$ \int \frac{1}{(x-a)(x+b)} dx $ Could you please explain how to integrate this integral:
$$   \int \frac{1}{(x-a)(x+b)} dx   $$
 A: Since the equation in the integral is a rational polynomial, we can simplify it or look for its partial fraction equivalent,
$$\frac{1}{(x-a)(x+b)} = \frac{A}{x-a} + \frac{B}{x+b}$$
Multiplying $(x-a)(x+b)$ to both sides, we get
$$1 = A(x+b) + B(x-a)$$
$$1 = Ax + Ab + Bx - Ba$$
$$1 = x(A+B) +(Ab-Ba)$$
From the following, we acquire the following linear equations, basically make them equal to the left hand side with the same degree. e.g. $Ab-Ba$ is of degree 0, there is a 1 on the other side with degree 0.
$$A+B = 0$$
$$Ab-Ba = 1$$
You can solve it via matrix, or just "normal algebra",
When you acquire A, and B, plug it in and solve for
$$\int \frac{A}{x-a} + \frac{B}{x+b} dx$$
$$=A\ln(x-a) + B\ln(x+b)$$
A: Hint:
Try to find values for $A$ and $B$ such that:
$$\frac{1}{(x-a)(x+b)}=\frac{A}{x-a}+\frac{B}{x+b}$$
When you have rewritten the fraction, it will be easier to integrate.
This process is known as partial fraction decomposition.
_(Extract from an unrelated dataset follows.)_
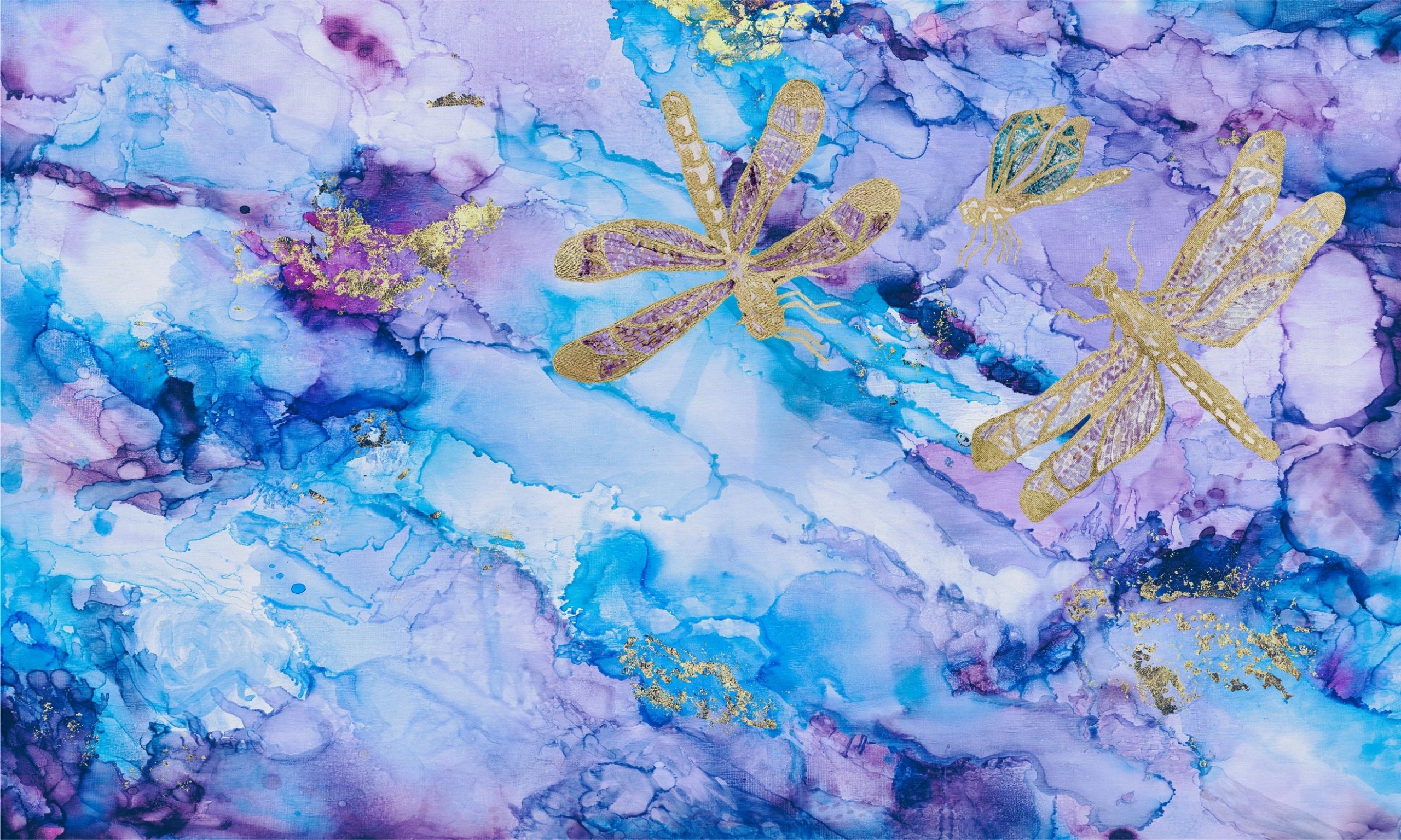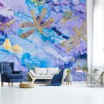 Tapeta Portafortuna to mural, który zmienia całą ścianę w piękne dzieło sztuki. Jej płynna kompozycja w odcieniach błękitu i fioletu – od turkusowych tonów po głęboki granat i purpurę – błyszczy eleganckimi złotymi akcentami. Misternie stylizowane ważki z ażurowymi skrzydłami dodają całości lekkości i naturalnego wdzięku. Przypomina to fluid art, subtelny marmur oraz świetliste chmury o poranku.

A: $$\int\frac1{(x-a)(x+b)}dx$$
Use partial fractions
$$\int\frac1{x(a+b)-a(a+b)}+\frac1{-x(a+b)-b(a+b)}dx$$
Integrate the sum by term
$$\int\frac1{x(a+b)-a(a+b)}dx+\int\frac1{-x(a+b)-b(a+b)}dx$$
Substitute $u=-x(a+b)-b(a+b)$ and $du=(-a-b)dx$
$$\int\frac1{x(a+b)-a(a+b)}dx +  \frac1{-a-b}\int\frac1u du$$
Since $\int\frac1u du=\log u$
$$\int\frac1{x(a+b)-a(a+b)}dx +  \frac{\log u}{-a-b}$$
Substitute $s=x(a+b)-a(a+b)$ and $ds=(a+b)dx$
$$\frac1{a+b}\int\frac1sds +  \frac{\log u}{-a-b}$$
Since $\int\frac1s ds=\log s$
$$\frac{\log s}{a+b} +  \frac{\log u}{-a-b}+C$$
Substitute back for $s$ and $u$
$$\frac{\log ((a+b)(x-a))}{a+b} +  \frac{\log (-(a+b)(b+x))}{-a-b}+C$$
This is equivalent to
$$\frac{\log(x-a)-\log(b+x)}{a+b}$$
Assuming $x-a>0$ and $b+x>0$ this is the same as
$$\frac{\log\frac{x-a}{b+x}}{a+b}$$
A: Just a quick note. 
$$f(x)=\frac{1}{(x-a)(x+b)}=\frac{A}{x-a}+\frac{B}{x+b}$$
where
$$A={\rm Res}(f,\ a)=\frac{1}{a+b}, \ B={\rm Res}(f, -b)=\frac{1}{-a-b}$$
A: Since there is linear factor in denominator, 
$$\int \frac{1}{(x-a)(x+b)} dx=\int \frac{1}{(x-a)(a+b)}+\frac{1}{(-b-a)(x+b)} dx$$
Factor out $\frac{1}{a+b}$,
$$=\frac{1}{a+b}\int \frac{1}{x-a}-\frac{1}{x+b} dx$$
The anti-derivatives of $\ln{(x+k)}$ is $\frac{1}{x+k}$
$$=\frac{1}{a+b}\bigg[\ln{(x-a)}-\ln{(x+b)}\bigg]+C$$
Simplify them will give you,
$$=\frac{1}{a+b}\ln{\frac{x-a}{x+b}}+C$$